暫くすると汚れを落とした先程の蛮族共がやってきた。一人を診ている間に他の奴らには床の掃除をさせて、その時もスティルは大人しくしていた。時折馬鹿共はスティルに「頑張ってね」とでも言ってほしそうに話し掛けていたが、彼女は笑顔を張り付けて相槌だけを返していた。愚か者共は気付いていないようだったが、私はスティルの怒りの感情を俄かに感じ、いつ殺されるのかと気が気ではなかった。
「スティル様、床の掃除が終わりました!」
「うん。見れば分かるよ」
「どうですか、この床! 泥で汚れる前よりも綺麗にしてやりましたよ! スティル様の綺麗さには敵いませんがね!」
「汚れる前がどんなだったか知らないからな~」
今度は「お疲れ様」とか「頑張ったね」とかいう言葉を引き出そうとしている。しかしスティルはのらりくらりと躱している。それどころか、
「あのさ、ここってロクドトの仕事部屋、なんだよね? だったらわたしじゃなくて、ロクドトに言う事があるんじゃない?」
なんて言い出した。
「ろ、ロクドトに、ですか……?」
「あ、そ、そうですよね」
「ロクドト、床を綺麗にしてやったぜ」
「感謝しろよなぁ」
「綺麗にしすぎたからって転ぶなよ」
「そうじゃなくて」
スティルが一段声を落とした。すると愚か者共はびくりと身体を強張らせて口を噤んだ。
「床を汚してごめんなさい、でしょ? 床が汚れたのはあなた達が泥まみれの汚い格好をしてたせいでしょ? なのに何でそんなに偉そうな口が利けるの?」
スティルは立ち上がり、私の肩に手を置き、耳元でこう囁いた。
「ちょっと魔力ちょうだい」
「? ああ」
今から彼女が何をする気なのか知らないが、それをするには魔力が足りないのだろうか。五人一気に殺す事はしないでくれと心の中で願いつつ、肩に置かれた手に己の手を重ねて魔力を流していく。
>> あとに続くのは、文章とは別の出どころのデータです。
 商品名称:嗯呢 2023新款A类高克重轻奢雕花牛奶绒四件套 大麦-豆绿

「あなた達は、わたしにも、この子にも、失礼な事をした。本当は殺してやりたい所だけど、この子が嫌がってるからね。殺されない事もこの子に感謝してね」
スティルは空いているもう片方の手を前に出し、何事か呟いた。すると私と彼女の魔力が混ざり合ってできているのであろう魔力の手が五つ現れ、それぞれの手が五人の頭を鷲掴んだ。魔力の手に掴まれた五人は気を失ったように次々と倒れだし、そうかと思えばすっと立ち上がる。その顔はどこか虚ろだ。
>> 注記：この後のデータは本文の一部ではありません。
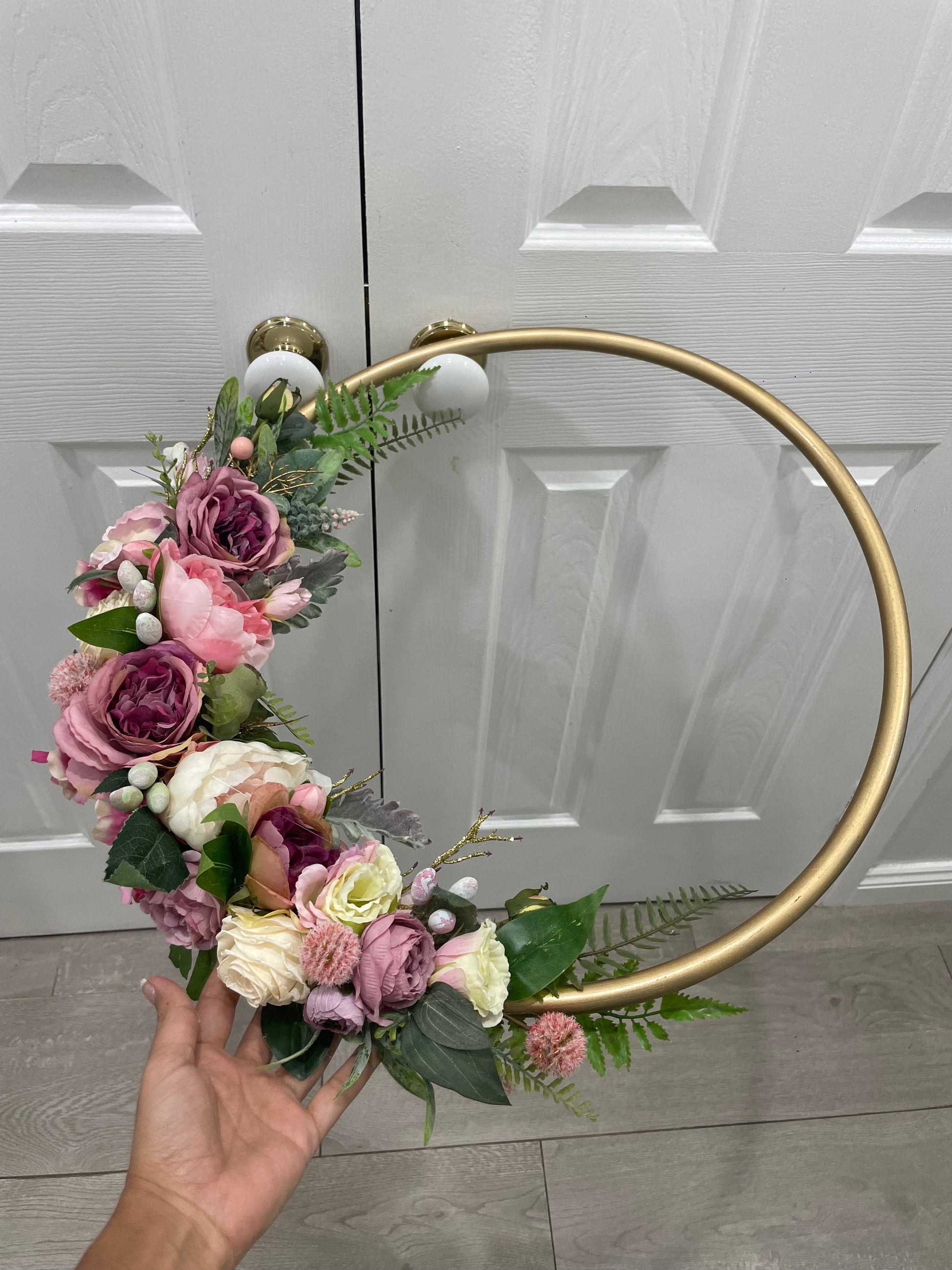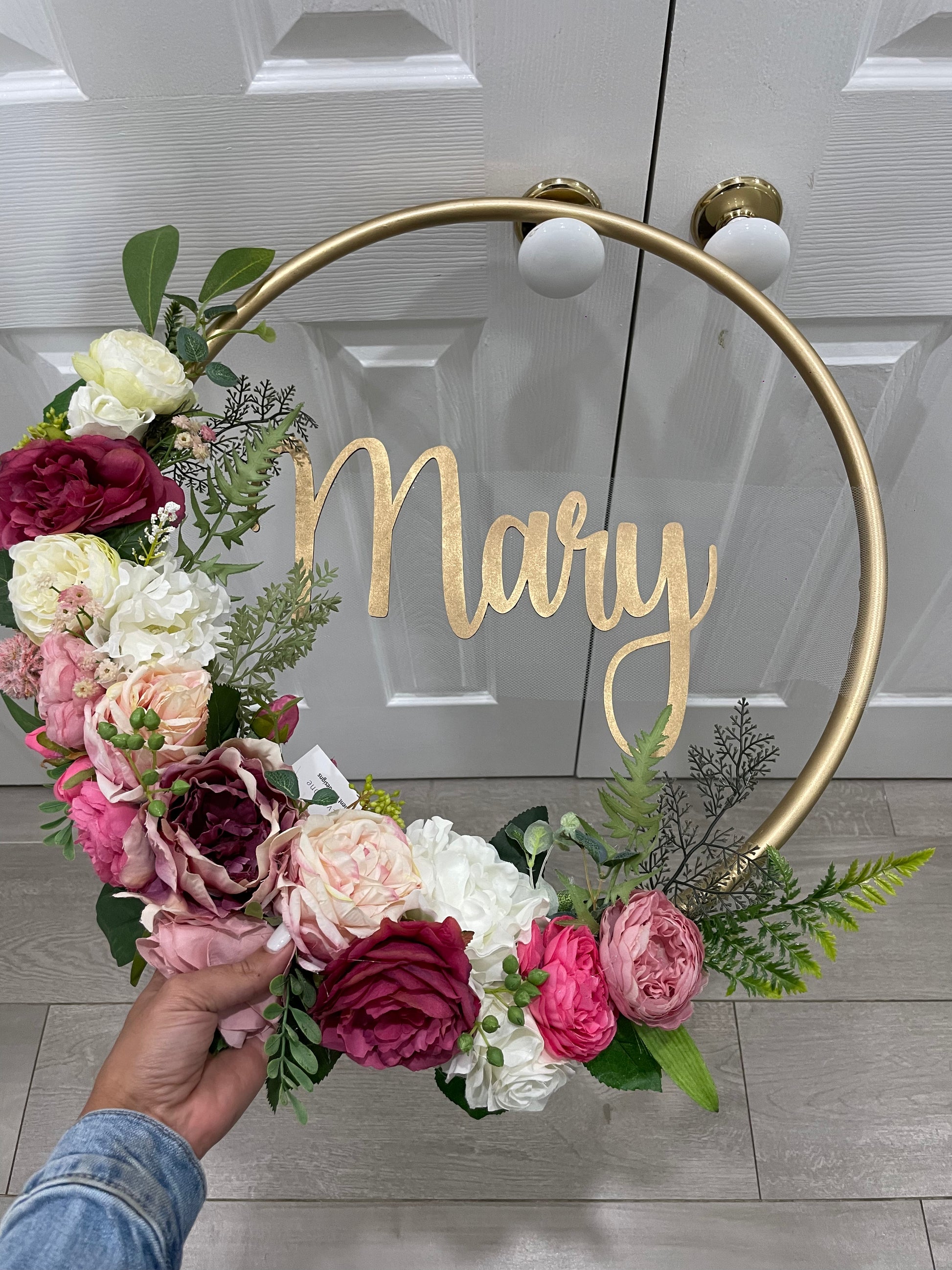 Elevate your special moments with our breathtaking custom floral hoop decorations, expertly crafted to bring elegance and individuality to any event or space!

「「「「「ロクドト様、申し訳ございませんでした」」」」」
示し合わせた様に、五人同時に言った。
「はい、よくできました~! もうすぐお昼だから、あなた達はその準備でも手伝ってきてね」
「「「「「はい、スティル様」」」」」
五人同時に踵を返し、医務室を出ていった。
「……キミは、何をしたのだ?」
「思考回路を弄ったんだよ。そうしたかったんだよね? あなたの魔力も混ぜてやったから、あの子達はもうあなたに失礼な事はしないよ」
「……」
「ほら、言う事があるんじゃない?」
「あ……ありが、とう……」
言いたい事は山ほどあったが、今この場で反論できる気がしなかった。
ここに残っている団員全員が広間に集まり、車座になって昼食を食べた。カルバスも外出している事もあり、スティルの隣に誰が座るかで阿呆共が揉めていたが、当のスティルが私と副団長を指名した為にその不毛な争いは終わった。次にじゃあ誰がその近くに座るかでも揉め合っていたが、副団長が階級の高い者から順に座れと一喝したおかげでこの騒ぎも収まった。なるほど。これが上手く対処できる人に任せる方法か。
その後はスティルと同じ空間にいるというだけで満足したのか、阿呆共も無駄な騒ぎは起こさず銘々に食事の時間を楽しんだようだ。まぁ、スティルの近くに座った者達(勿論副団長も含む)は、彼女に何度も話し掛けてはいるが……。
「スティル様、お食事はお口に合いますか?」
「うん」
「スティル様、苦手な食べ物がありましたら、わたくしめが替わりに……」
「ううん、大丈夫」
「スティル様、お身体の方はもう大丈夫ですか?」
「うん」
と、この様にスティルが相槌しか打たないので会話にはなっていない。彼女は目の前の料理しか見ていない。顔を横に向けようともしない。それでも愚か者共は話し掛け続け、スティルに振り向いてもらおうと必死だ。全くもって愚かしい。
スティルは一度だけ横を向いたが、それも私に「なんだかうるさくて疲れちゃった」と言う為だけだった。その言葉を「ここにいる全員を殺してもいい?」と解釈した私は、その場にいる全員から睨まれながらも彼女を連れてすぐに地下へ行った。ふざけた噂話を自ら肯定しているようで、そんな噂を立てた愚か者共全員に腹が立つ。